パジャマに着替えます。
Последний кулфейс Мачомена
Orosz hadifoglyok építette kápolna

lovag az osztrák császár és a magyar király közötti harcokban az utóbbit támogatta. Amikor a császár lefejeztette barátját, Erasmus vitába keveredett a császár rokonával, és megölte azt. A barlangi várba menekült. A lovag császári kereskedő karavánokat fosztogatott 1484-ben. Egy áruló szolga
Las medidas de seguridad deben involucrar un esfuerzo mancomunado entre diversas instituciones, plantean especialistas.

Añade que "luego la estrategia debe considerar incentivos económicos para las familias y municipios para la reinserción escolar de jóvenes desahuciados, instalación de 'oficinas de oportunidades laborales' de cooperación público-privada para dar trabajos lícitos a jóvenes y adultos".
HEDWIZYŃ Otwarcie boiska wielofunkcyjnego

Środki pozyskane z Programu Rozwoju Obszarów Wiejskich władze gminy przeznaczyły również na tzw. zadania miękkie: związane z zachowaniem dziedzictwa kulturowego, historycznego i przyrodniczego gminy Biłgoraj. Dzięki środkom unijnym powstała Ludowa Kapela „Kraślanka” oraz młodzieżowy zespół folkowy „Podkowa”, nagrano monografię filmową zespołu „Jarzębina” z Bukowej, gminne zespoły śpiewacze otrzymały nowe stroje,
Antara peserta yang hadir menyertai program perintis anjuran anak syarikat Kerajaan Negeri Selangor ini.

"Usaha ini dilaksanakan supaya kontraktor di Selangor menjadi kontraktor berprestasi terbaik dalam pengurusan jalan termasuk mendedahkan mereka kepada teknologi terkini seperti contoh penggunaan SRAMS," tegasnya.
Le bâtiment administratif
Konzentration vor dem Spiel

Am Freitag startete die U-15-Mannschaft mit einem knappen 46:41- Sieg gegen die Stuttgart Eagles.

* * *

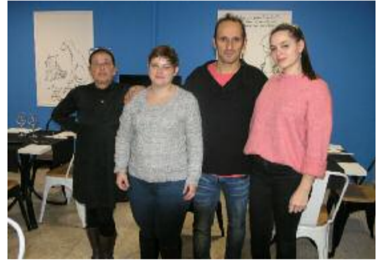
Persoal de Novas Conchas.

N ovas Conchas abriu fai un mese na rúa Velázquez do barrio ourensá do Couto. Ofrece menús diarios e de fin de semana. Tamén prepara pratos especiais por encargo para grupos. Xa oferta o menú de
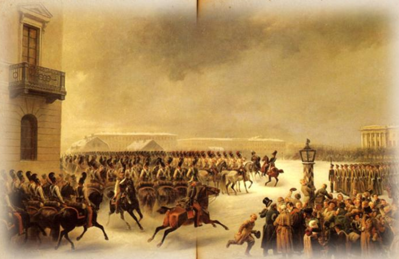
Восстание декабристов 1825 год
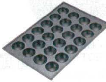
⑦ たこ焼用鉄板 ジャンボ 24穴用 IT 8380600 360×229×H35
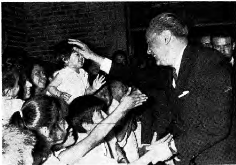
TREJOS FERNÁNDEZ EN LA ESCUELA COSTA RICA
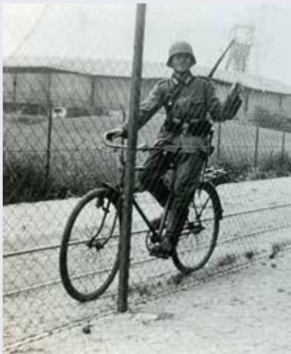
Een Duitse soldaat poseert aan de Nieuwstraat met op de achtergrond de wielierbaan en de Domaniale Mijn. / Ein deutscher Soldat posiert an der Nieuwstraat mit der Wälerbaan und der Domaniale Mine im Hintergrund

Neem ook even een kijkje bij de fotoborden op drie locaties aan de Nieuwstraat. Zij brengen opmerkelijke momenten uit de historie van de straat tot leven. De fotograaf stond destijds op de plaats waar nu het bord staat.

_Task description_
Looking at the entries above, can you reproduce exactly the lines from the one that holds "パジャマに着替えます。" through the one that holds "Las medidas de", and only those?

_Response area_
パジャマに着替えます。
Последний кулфейс Мачомена
Orosz hadifoglyok építette kápolna

lovag az osztrák császár és a magyar király közötti harcokban az utóbbit támogatta. Amikor a császár lefejeztette barátját, Erasmus vitába keveredett a császár rokonával, és megölte azt. A barlangi várba menekült. A lovag császári kereskedő karavánokat fosztogatott 1484-ben. Egy áruló szolga
Las medidas de seguridad deben involucrar un esfuerzo mancomunado entre diversas instituciones, plantean especialistas.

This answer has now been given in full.